Beware that these builds use CUDA and will not work on login nodes, which does not have CUDA installed as there are no GPUs.
Tensorflow (master build)
Given A100 and CUDA 11 are very new, we have a build of the master branch of Tensorflow which includes better performance and support for these architectures.
Users can find the latest builds via the module avail conda
command, which will list available builds such as conda/2021-06-26
which is a module that was built on 2021-06-26
. Use module show conda/2021-06-26
or module help conda/2021-06-26
to get high level info on which versions of the key packages and libraries that this particular module contains. This version can be used by
module load conda/2021-06-26 # loads conda into your environment, sets up appropriate CUDA libraries conda activate # activates conda with python
This will setup a conda environment with the "from scratch" build of TensorFlow.
This package will also include builds of PyTorch and Horovod tagged releases.
Installing Packages
Using pip install --user
With the conda environment setup, one can install common Python modules using pip install --users <module-name>
which will install packages in $HOME/.local/lib/pythonX.Y/site-packages
.
Using Conda Environments
If you need more flexibility, you can clone the conda environment into a custom path, which would then allow for root-like installations via conda install <module>
or pip install <module>
.
1. Setup the conda environment you want to use as instructed above.
2. Create/edit your $HOME/.condarc
file to include this these lines, replacing <project-name>
with your project name. By default, Conda will your $HOME/.conda/*
area for caching files. Since home directories are limited to 100GB, this fills up quickly.

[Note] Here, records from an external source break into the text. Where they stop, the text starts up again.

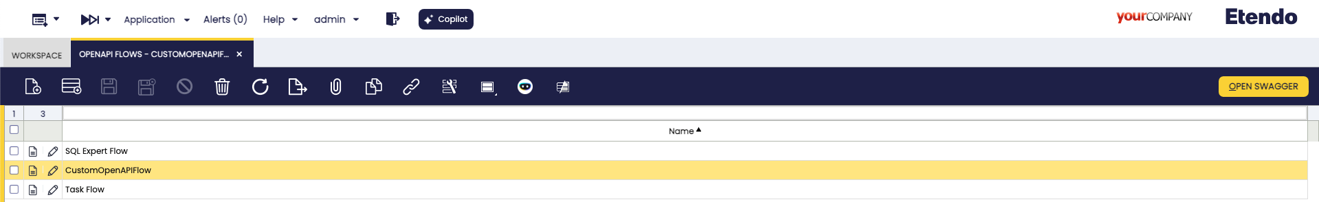 The new endpoint documentation should be visible at the Swagger UI. Execute the Open Swagger button to open the Swagger in a new tab.
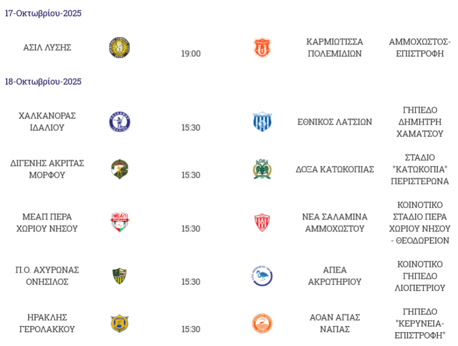 Το πρόγραμμα της επόμενης (5ης) αγωνιστικής:
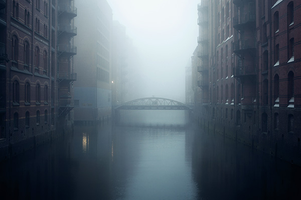Sanfter Nebel wabert über die Fleete (so nennt man die Kanäle)
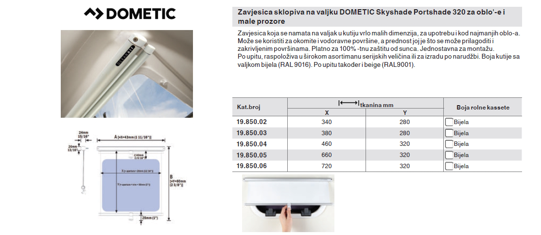 Zavjesica sklopiva na valjku Dometic Skyshade Portshade 320
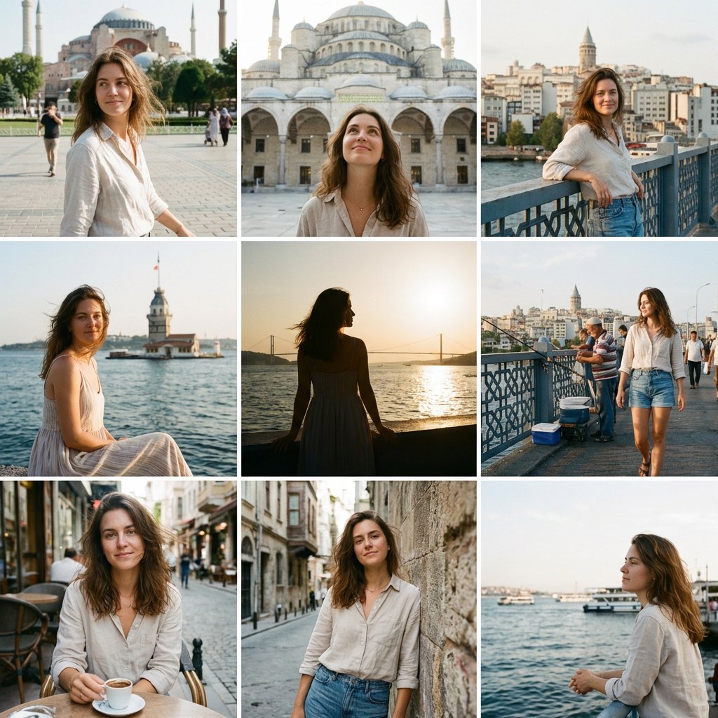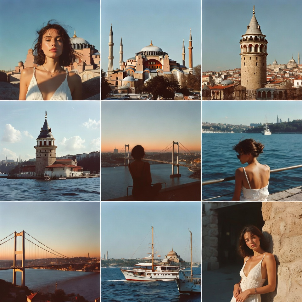 "objective": "Create a 3x3 Instagram feed grid featuring an attractive, sensual woman traveling in Istanbul, captured in natural smartphone-style photos",

This addition tells Conda to use your project space for cache storage instead.
pkgs_dirs: - /lus/theta-fs0/projects/<project-name>/conda/pkgs envs_dirs: - /lus/theta-fs0/projects/<project-name>/conda/envs
3. Clone the environment into a local path to which you have write access
conda create --clone $CONDA_PREFIX -p <path/to/env>
4. Activate that environment:
conda activate <path/to/env>
One should then be able to install modules natively.